PDA

View Full Version : Potential, harmless typo in ANSI-UTF.VDM



rejto
September 3rd, 2011, 05:52 PM
Gentlemen,
I assume that I have found a totally harmless typo in ANSI-UTF.VDM. Specifically, line 210 says that

B5 03 EE Greek small letter gamma

Actually, in the macro the character is replaced by the Vedit OEM character with Hexadecimal value EE. I believe that the word "gamma" should be replaced by the word "epsilon"


To check that my assumption is correct, I have visited the www.unicode.org/charts/PDF
website and downloaded the file 0307.pdf. This file, indeed, has the icon of a "Greek small letter epsilon" and it has the code 03B5 under it. In other words, the same code as your code read backwards.

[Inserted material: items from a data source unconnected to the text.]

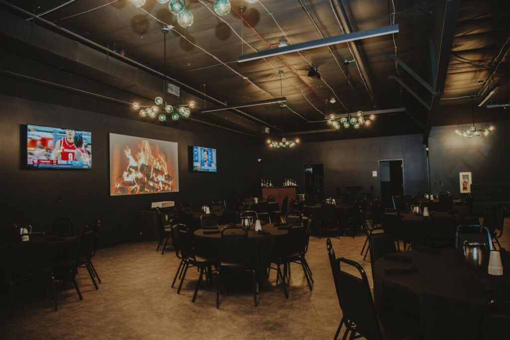 Several spaces can be rented. On the mezzanine, there are two birthday party/meeting rooms and a large space overlooking the activity on the main floor that can seat 100 guests. Near the axe-throwing area, there’s an indoor patio with picnic tables and artificial hedges that can divide the space for separate groups.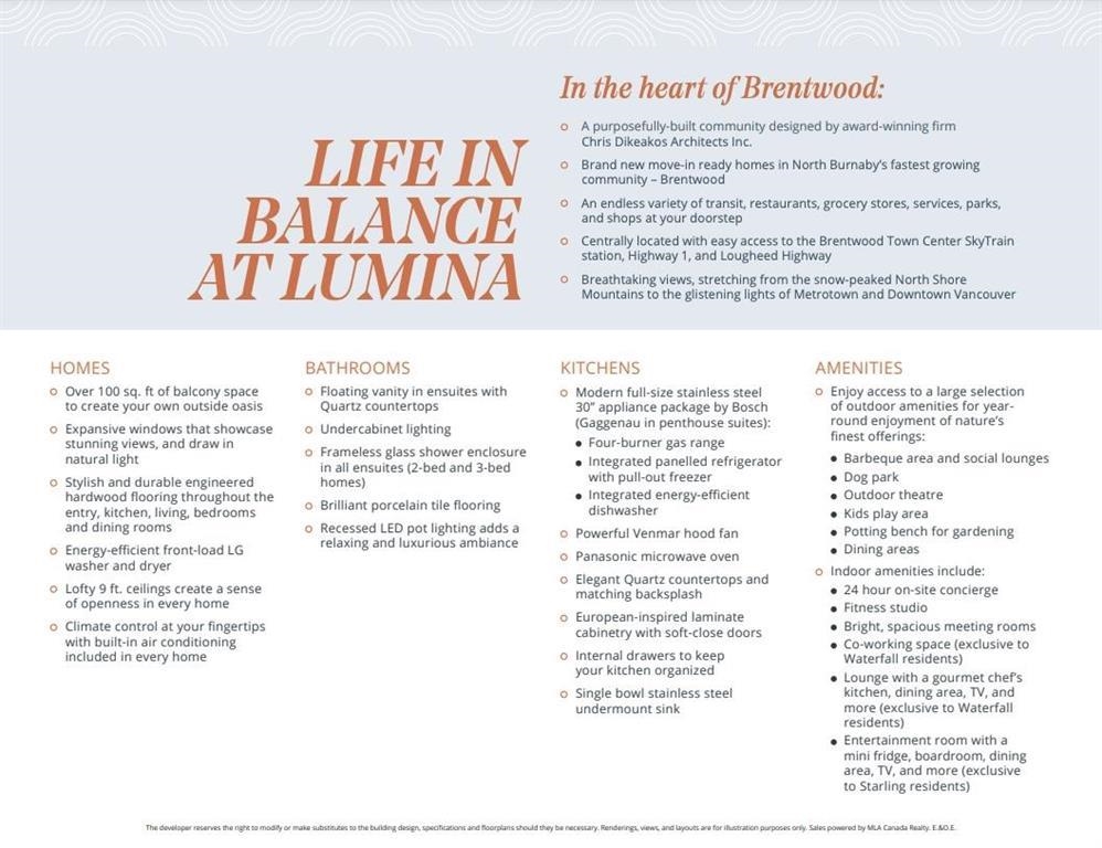NW corner unit at Lumina Waterfall in the heart of Brentwood. This spacious 2 bed, 2 bath home offers an open layout with great natural light, NW exposure, mountain views, high ceilings, and an oversized balcony. Features include a gourmet kitchen with Bosch stainless steel appliances and air conditioning for year-round comfort. Exceptional amenities include a fitness centre, yoga, games and music rooms, outdoor social space, dog run, guest suites, and 24/7 concierge. 1 parking & 1 locker included. Steps to...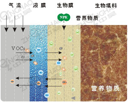 在適宜的條件下,臭氣(工業廢氣)經過生物填料層,附著生長在生物填料上微生物通過代謝活動將廢氣中的污染物轉化為簡單的無機物(如CO2、H2O、SO42-、NO3-等)及細胞組成物質。在此過程中微生物對VOCs進行氧化分解和同化合成,代謝產物一部分溶于液相,一部分作為細胞物質或細胞代謝能源,還有一部分(如CO2)則從液相轉移到氣相。廢氣中污染物通過上述過程不斷減少,從而得到凈化。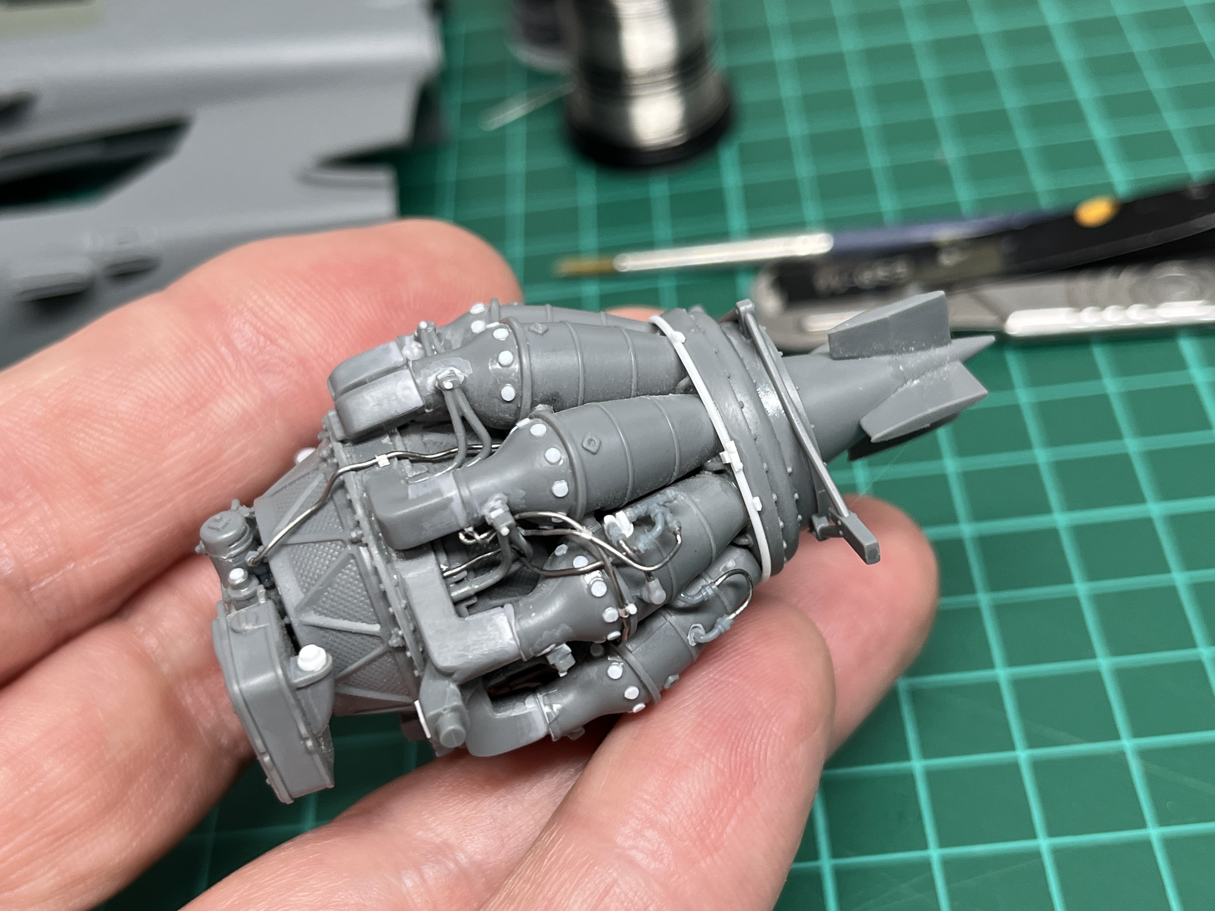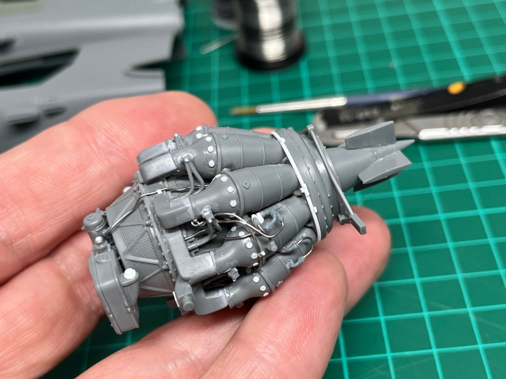Today has been a day during which I planned to finish all of the Meteor’s construction and then add any remaining details that I felt needed to be in place. This involved the completion of the engine and then the undercarriage, all of which could be tweaked with some simple additions that would ‘improve the image’ somewhat, as that most knowledgeable of modelling authors, Ray Rimmell may have written back in the day.

This change also would make the macro compatible with the Vedit {Misc, ASCII table ..} menu command. For the hexadecimal value EE, this table displays the same icon as your line 210 . In other words, it displays an "epsilon".

I also checked it "Code page 437" on microsoft.msdn.com and under unicode 03B5 it als has an "epsilon".

In any case, a big thank you for ANSI-UTF.VDM. I like it very much! In fact, I do prefer your table in this macro to the one of the Vedit menu command. My reason is that in your table the value of the Font_Charset parameter is explicit, while in the Vedit menu command it is not.


Incidentally, I would love to add the line Char Set = Vedit ANSI or Char Set = Vedit OEM,
whichever the case to the table displayed by this Vedit menu command. However, I do not know how to do it. In fact, I do not know whether this is an internal Vedit command or Vedit is executing this command via a macro.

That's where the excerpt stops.